# Parsing an HTML File

To parse an HTML or XML document, we need to pass the document into the BeautifulSoup constructor. The BeautifulSoup constructor, `BeautifulSoup(file, 'parser')`, parses the given `file` using the given `parser` and returns a BeautifulSoup object. We can pass our `file` to the constructor either as a string or as an open filehandle, while the `parser` is a string that indicates the parser we want to use.

The BeautifulSoup constructor will transform the HTML or XML file into a complex tree of Python objects. One of this objects is the BeautifulSoup object returned by the constructor.
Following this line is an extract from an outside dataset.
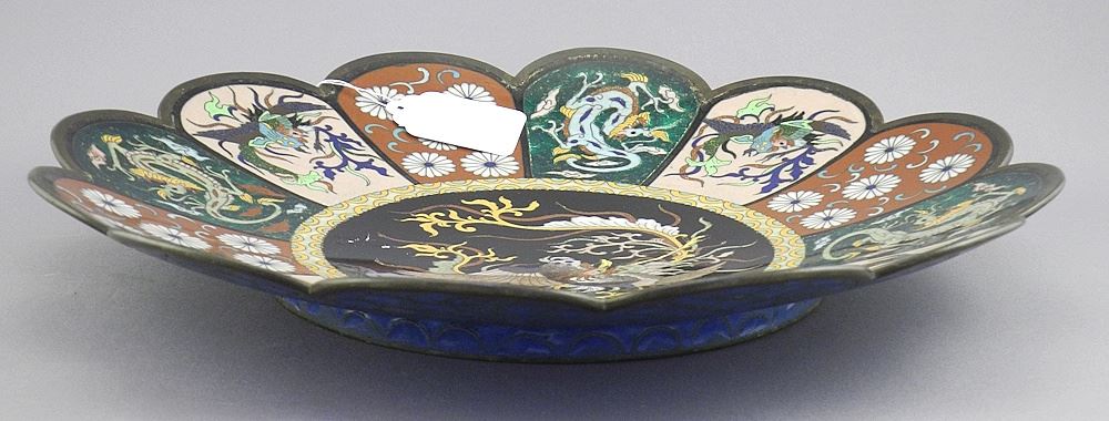 Japanese Lobed Cloisonne Dish, 11 7/8" Diameter.

The BeautifulSoup object itself represents the document as a whole and can be searched using various methods, as we will see in the following lessons. 
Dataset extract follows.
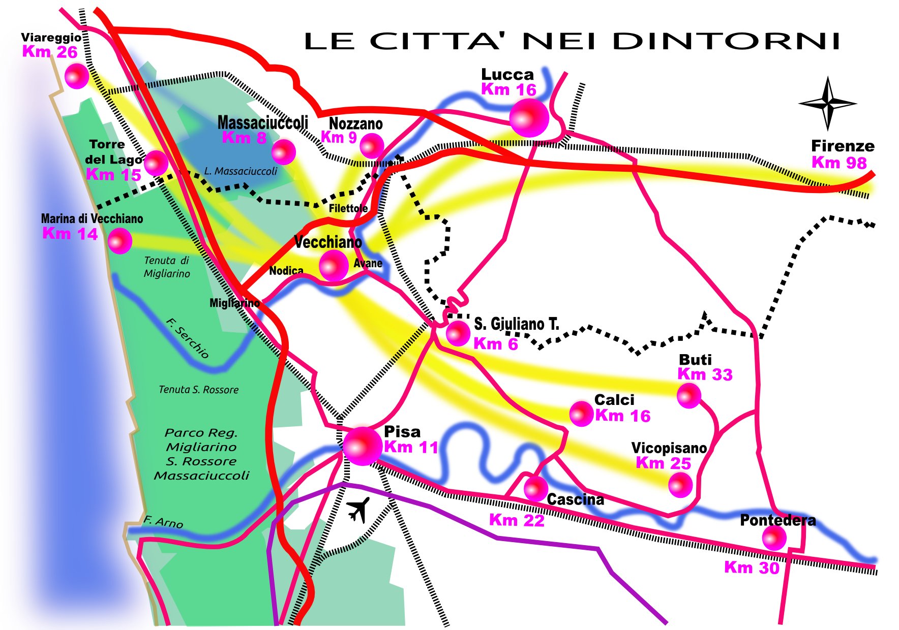 Questi sono i luoghi che puoi agilmente raggiungere da Vecchiano:

In the code below, we start by importing the BeautifulSoup library by using the statement:

```python
from bs4 import BeautifulSoup
```

We then open the `sample.html` file and pass the open filehandle `f` to the `BeautifulSoup` constructor. We also set the `parser` in the constructor to `lxml` to indicate that we want to use lxml’s HTML parser. The `BeautifulSoup` constructor will return a BeautifulSoup object that we will save in the `page_content` variable. We then print the BeautifulSoup object to see what it looks like.

In [1]:
# Import BeautifulSoup
from bs4 import BeautifulSoup

# Open the HTML file and create a BeautifulSoup Object
with open('./sample.html') as f:
    page_content = BeautifulSoup(f, 'lxml')
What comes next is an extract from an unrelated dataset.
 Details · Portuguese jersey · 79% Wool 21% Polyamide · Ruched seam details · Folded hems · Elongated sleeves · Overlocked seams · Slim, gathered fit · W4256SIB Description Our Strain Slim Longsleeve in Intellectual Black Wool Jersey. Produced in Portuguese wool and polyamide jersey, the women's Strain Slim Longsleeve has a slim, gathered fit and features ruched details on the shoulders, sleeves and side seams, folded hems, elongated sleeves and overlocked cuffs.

# Print the BeautifulSoup Object
print(page_content)

<!DOCTYPE html>
<html lang="en-US">
<head>
<title>AI For Trading</title>
<meta charset="utf-8"/>
<link href="./teststyle.css" rel="stylesheet"/>
<style>.h2style {background-color: tomato;color: white;padding: 10px;}</style>
</head>
<body>
<h1 id="intro">Get Help From Peers and Mentors</h1>
<div class="section">
<h2 class="h2style" id="hub">Student Hub</h2>
<p>Student Hub is our real time collaboration platform where you can work with peers and mentors. You will find Community rooms with other students and alumni.</p>
</div>
<hr/>
<div class="section">
<h2 class="h2style" id="know">Knowledge</h2>
<p>Search or ask questions in <a href="https://knowledge.udacity.com/">Knowledge</a></p>
</div>
<div class="outro">
<h3 id="know">Good Luck</h3>
<p>Good luck and we hope you enjoy the course</p>
</div>
</body>
</html>


As we can see, `page_content`, holds the entire contents of our `sample.html` file. Notice that when we print the BeautifulSoup object, it is not printed in a nice format and it is very hard to read.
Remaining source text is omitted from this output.